AHB V NSW Trustee and Guardian
[2012] NSWADT 76
•27 April 2012
Administrative Decisions Tribunal
New South Wales
Medium Neutral Citation: AHB V NSW Trustee and Guardian [2012] NSWADT 76 Hearing dates: 15 February 2012 Decision date: 27 April 2012 Jurisdiction: General Division Before: P H Molony, Judicial Member Decision: The decision of the NSW Trustee and Guardian is affirmed.
Catchwords: NSW Trustee and Guardian - decision to sell home - best interest Legislation Cited: NSW Trustee and Guardian Act Category: Principal judgment Parties: AHB (Applicant)

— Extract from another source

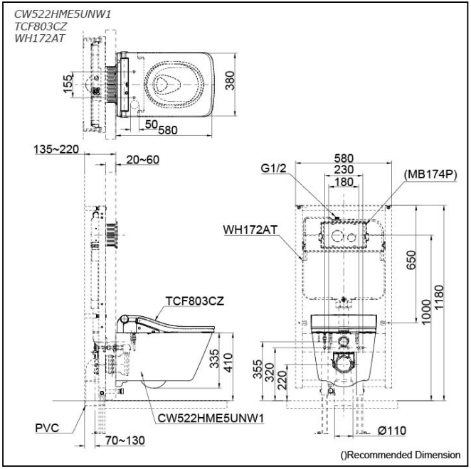 Thông số kỹ thuật Bàn cầu TOTO CW522EA-TCF803CZ-WH172AT nắp điện tử washlet
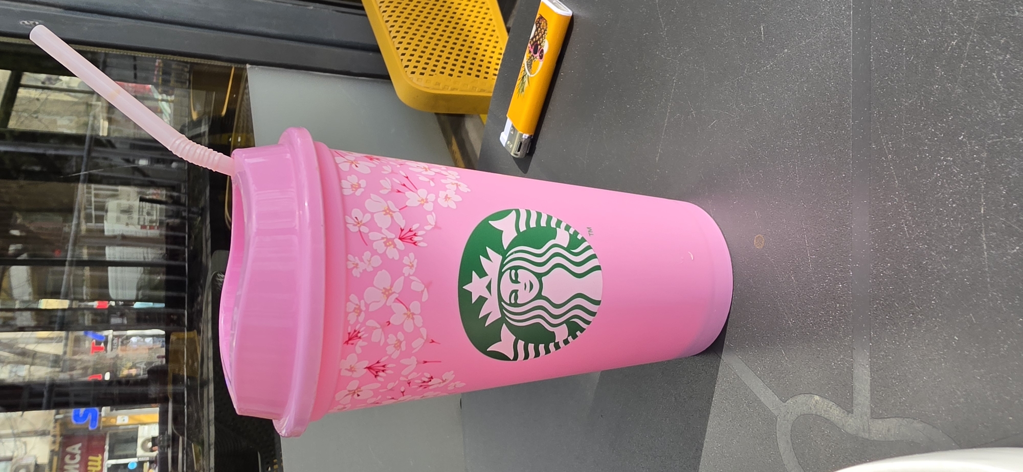 - "The scene depicts a bright pink Starbucks tumbler, equipped with a matching lid and a translucent pink straw, resting on a dark grey, subtly patterned table in Kazanlak, Bulgaria" by FM-dJDtu1, licensed under CC BY 4.0

NSW Trustee and Guardian (Respondent)File Number(s): 113308 Publication restriction: S 126 Administrative Decisions Tribunal Act 1997
REasons for decision
Introduction
[GENERAL DIVISION (P H Molony, Judicial Member)]. This is a review of a decision made by the NSW Trustee and Guardian to sell the home of a protected person at Gymea Bay. That decision was made on internal review. AHB, the applicant, is the protected person's son.
The protected person's has been diagnosed with dementia. She has been a resident of the Wollongong Nursing Home since November 2009. She has one son and two daughters. There is a level of conflict among the siblings.
The Guardianship Tribunal appointed the Public Guardian as the protected person's guardian on 16 July 2010, with the functions of access and accommodation. At the same time the Guardianship Tribunal appointed one of her daughters as her guardian, with healthcare and medical and dental consent functions. The Guardianship Tribunal also converted an application to review an enduring power of attorney appointing the same daughter as the protected person's attorney, to an application for financial management. The Tribunal then made a financial management order and appointed a financial manager, namely the NSW Trustee and Guardian (the financial manager).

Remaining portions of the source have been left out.